One Penn Plaza, Suite 4015, New York, New York
10119-4015
(Address of principal executive offices)
(Zip Code)
 
 
 
 
(212) 692-7200
(Registrant's telephone number, including area code)

N/A
(Former name or former address, if changed since last report)

                
Check the appropriate box below if the Form 8-K filing is intended to simultaneously satisfy the filing obligation of the registrant under any of the following provisions (see General Instruction A.2.):

___    Written communications pursuant to Rule 425 under the Securities Act (17 CFR 230.425)

___    Soliciting material pursuant to Rule 14a-12 under the Exchange Act (17 CFR 240.14a-12)

___    Pre-commencement communications pursuant to Rule 14d-2(b) under the Exchange Act (17 CFR 240.14d-2(b))

___    Pre-commencement communications pursuant to Rule 13e-4(c) under the Exchange Act (17 CFR 240.13e-4(c))

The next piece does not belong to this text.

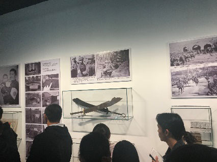 接着,我们来到了左侧展厅,左侧展厅陈列的是有关于南京大屠杀的藏品。率先进入我们眼帘的是两把交叉的日本武士刀,陈刚讲解员告诉我们,曾经有一个三年级的孩子在看到这件藏品时对他说:这是一把沾满了鲜血的刀。是啊,日本对中国进行惨无人道的大屠杀行为,是每个中国人都不应该忘记的历史,而日本政府对历史的歪曲否认中国更是不能接受。随后,陈刚老师向我们展示了著名的替父谢罪信以及当时人民日报的头条报道,日本友人西山诚一在2015年12月14日参观完南京民间抗日战争博物馆之后,交给了吴先斌馆长一封“道歉信”,替参加侵华战争的父亲向南京人民、向中国人民道歉。这一封道歉信具有重要的历史意义,它证明了南京大屠杀的真实性,也证明了有关南京大屠杀的怀疑是没有根据的。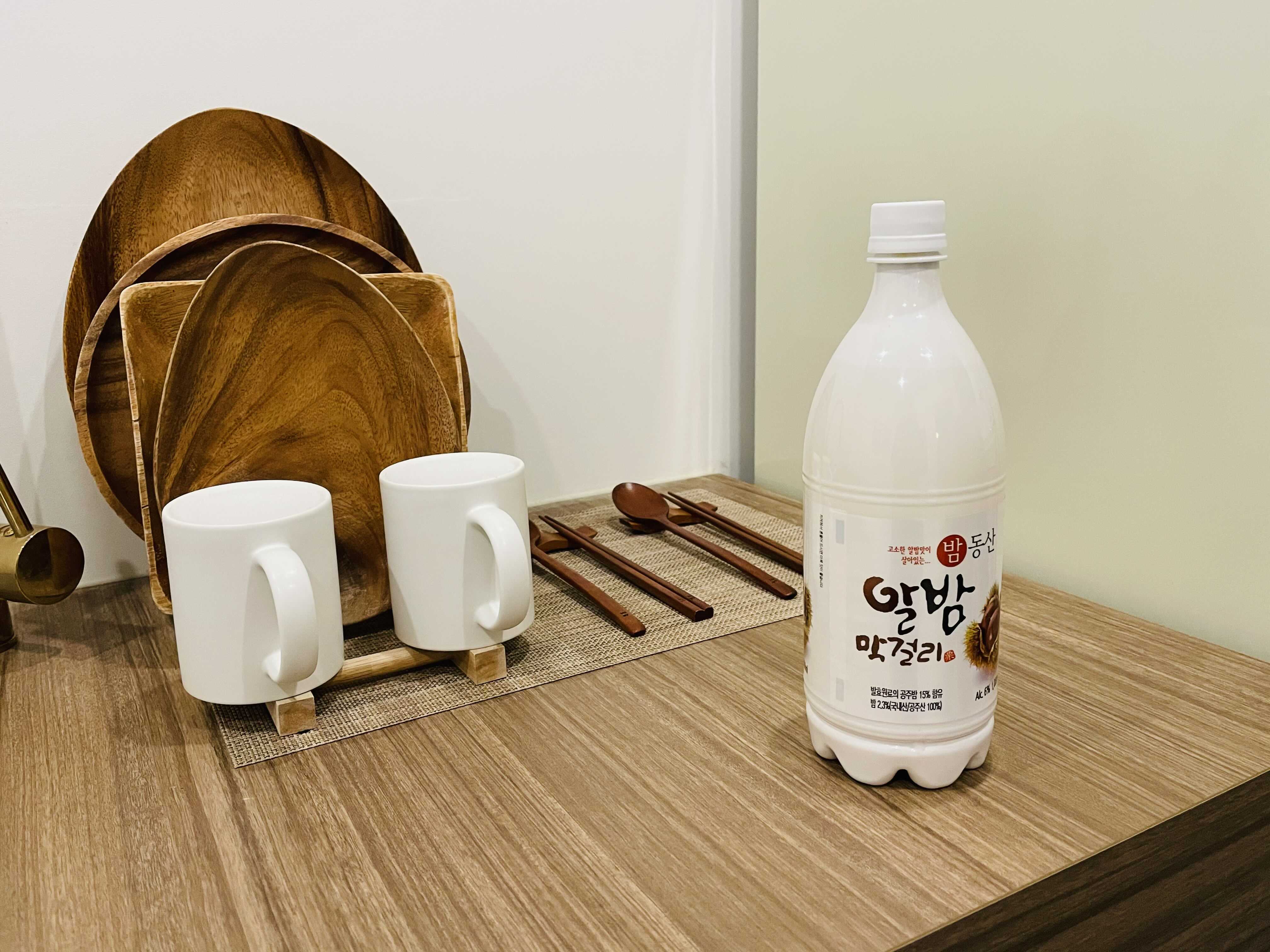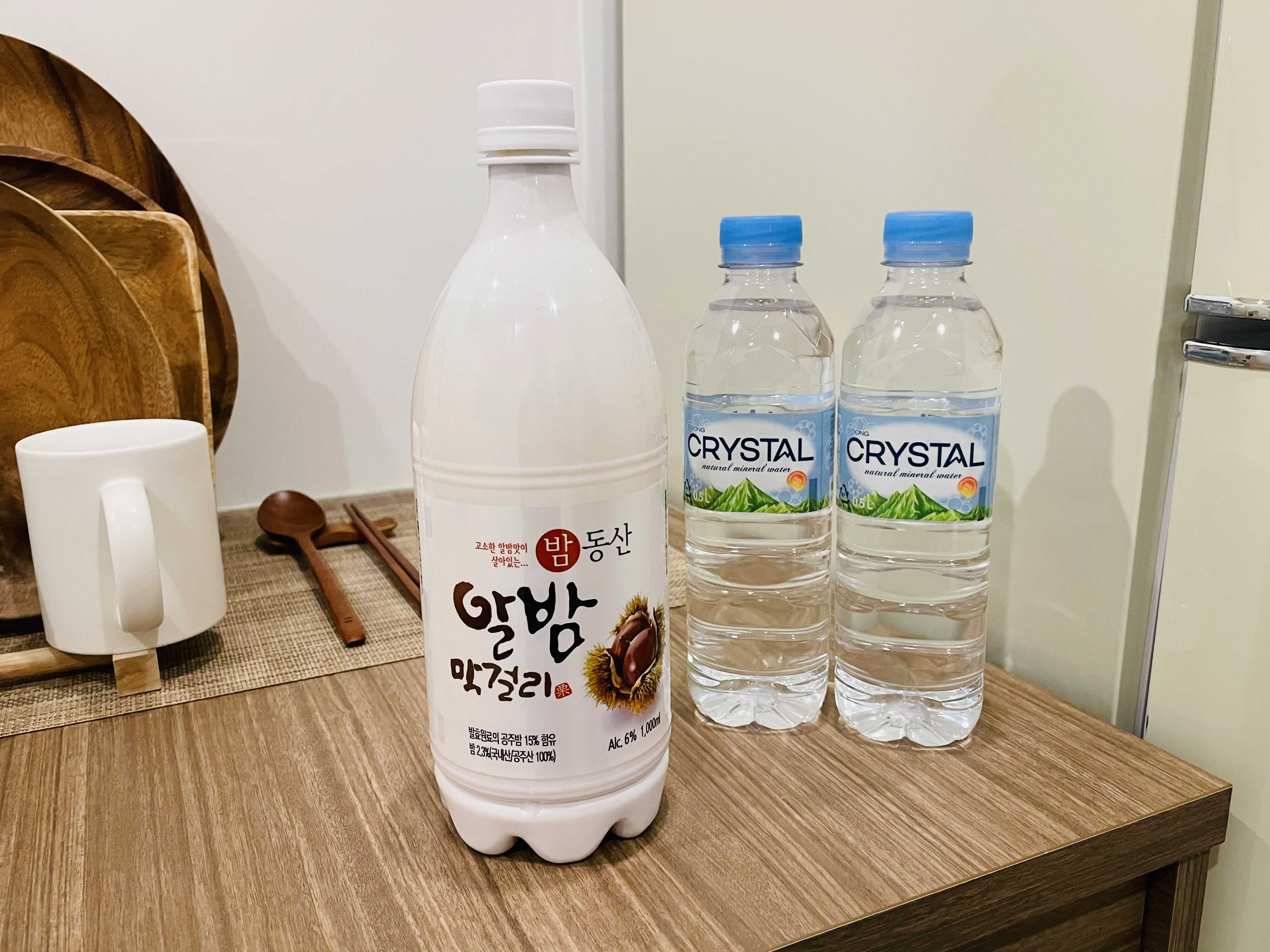 냉장고에는 생수 2병이 들어있고, 사장님이 맛보기 하라고 알밤 막걸리도 한 병 넣어주셨네요ㅎㅎ

Item 2.03.    Creation of a Direct Financial Obligation or Obligation under an Off-Balance Sheet Arrangement.

As previously disclosed, on January 13, 2012, Lexington Realty Trust, which we refer to as the Trust, entered into a term loan agreement, which we refer to as the Term Loan Agreement, among the Trust, Lepercq Corporate Income Fund L.P. and Lepercq Corporate Income Fund II L.P., jointly and severally as borrowers, Wells Fargo Bank, National Association, as agent, and each of the financial institutions initially a signatory thereto together with their assignees pursuant to Section 12.5 therein. The Term Loan Agreement provides for a term loan facility in a principal amount of up to $215.0 million, which matures on January 11, 2019.

The Term Loan Agreement also provides a right of the borrowers to request additional loans, subject to certain conditions and limitations. On October, 22, 2012, the borrowers obtained additional loans under the Term Loan Agreement totaling $40.0 million. As a result, the total facility under the Term Loan Agreement has increased to a principal amount up to $255.0 million, all of which is outstanding.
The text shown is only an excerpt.